These are the key concepts you need to understand to accurately answer the question.

Gravitational Potential Energy
Gravitational potential energy is the energy an object possesses due to its position in a gravitational field. It depends on three key factors: the mass of the object, the gravitational force acting on it, and the height from which it is dropped. In mathematical terms, it is expressed by the formula:
  • \( PE = mgh \)
where:
  • \( m \) is the mass of the object in kilograms,
  • \( g \) is the acceleration due to gravity (approximately \( 9.8 \, \text{m/s}^2 \) on Earth),
  • \( h \) is the height in meters from which the object is dropped.

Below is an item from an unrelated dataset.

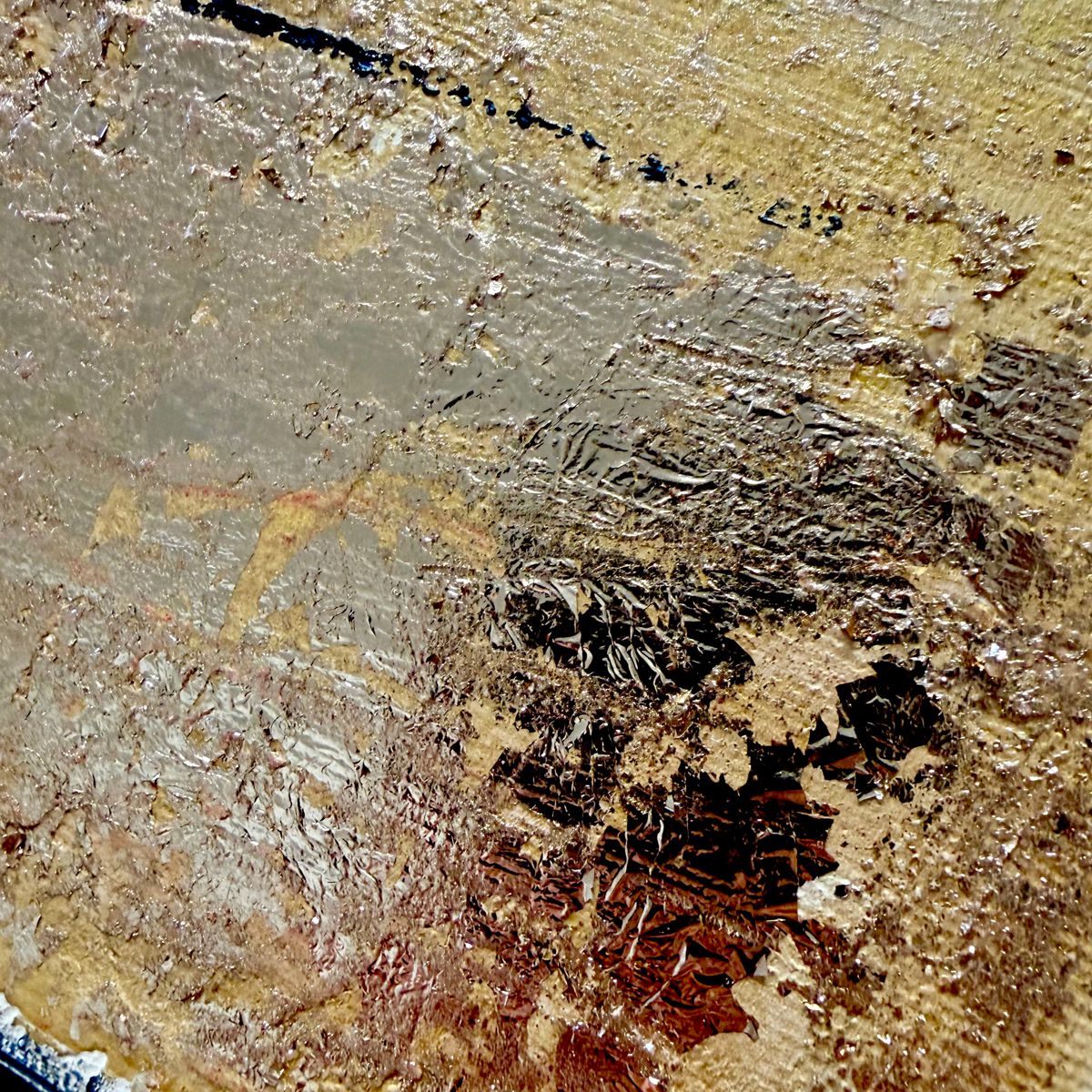 Faktura: Strukturalna powierzchnia + złote płatki
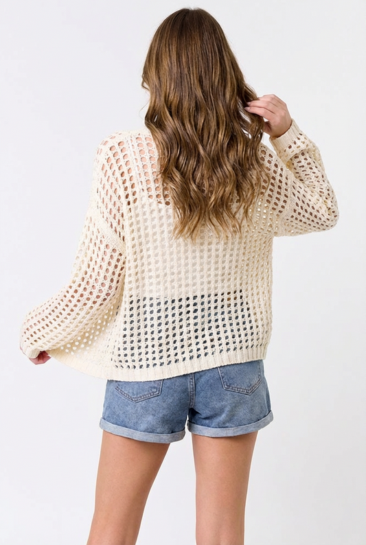Lightweight Crochet Open Knit Cardigan Boho Layering

In the given exercise, understanding gravitational potential energy is critical as it is the initial form of energy the block possesses. When the block drops, this energy transforms completely into another form of energy when it impacts the spring. This is exactly what makes potential energy a dynamic component in the context of energy conservation, serving as a measurable bridge in the study of motion and force.
Elastic Potential Energy
Elastic potential energy is the potential energy stored in elastic materials, such as springs, when they are stretched or compressed. The formula for elastic potential energy in a spring is:
  • \( ext{Elastic Potential Energy} = \frac{1}{2} k x^2 \)
where:
  • \( k \) is the spring constant in newtons per meter (N/m), indicating the spring's stiffness,
  • \( x \) is the displacement or compression of the spring from its equilibrium position in meters.

When the block lands on the spring, its gravitational potential energy converts into elastic potential energy, causing the spring to compress. The amount of energy stored is proportional to the square of the compression distance, making the relationship quadratic. This means a small increase in compression leads to a larger increase in elastic potential energy, demonstrating how energy conservation principles apply in practical scenarios, such as cushioning systems, car suspensions, and more.
Spring Compression
Spring compression refers to the degree to which a spring is compacted by an external force. It’s a measure of the energy transformation from gravitational to elastic potential energy. In this exercise, the fundamental goal is to determine the maximum compression of the spring when the block lands on it.
  • Using energy conservation, the gravitational potential energy of the block is fully transformed into the elastic potential energy of the spring.
  • The conversion allows us to solve for compression with the formula relating the energies: \( 9.8 = \frac{1}{2} \times 1960 \times x^2 \).
  • By solving the equation, we can derive the compression distance: \( x = \sqrt{0.01} = 0.1 \, \text{meters} \).

This compression calculation is not just a mathematical exercise, but also provides insights into how springs are designed to absorb impact, efficiently converting motion and potential energy into a form that slows down and eventually stops moving objects safely.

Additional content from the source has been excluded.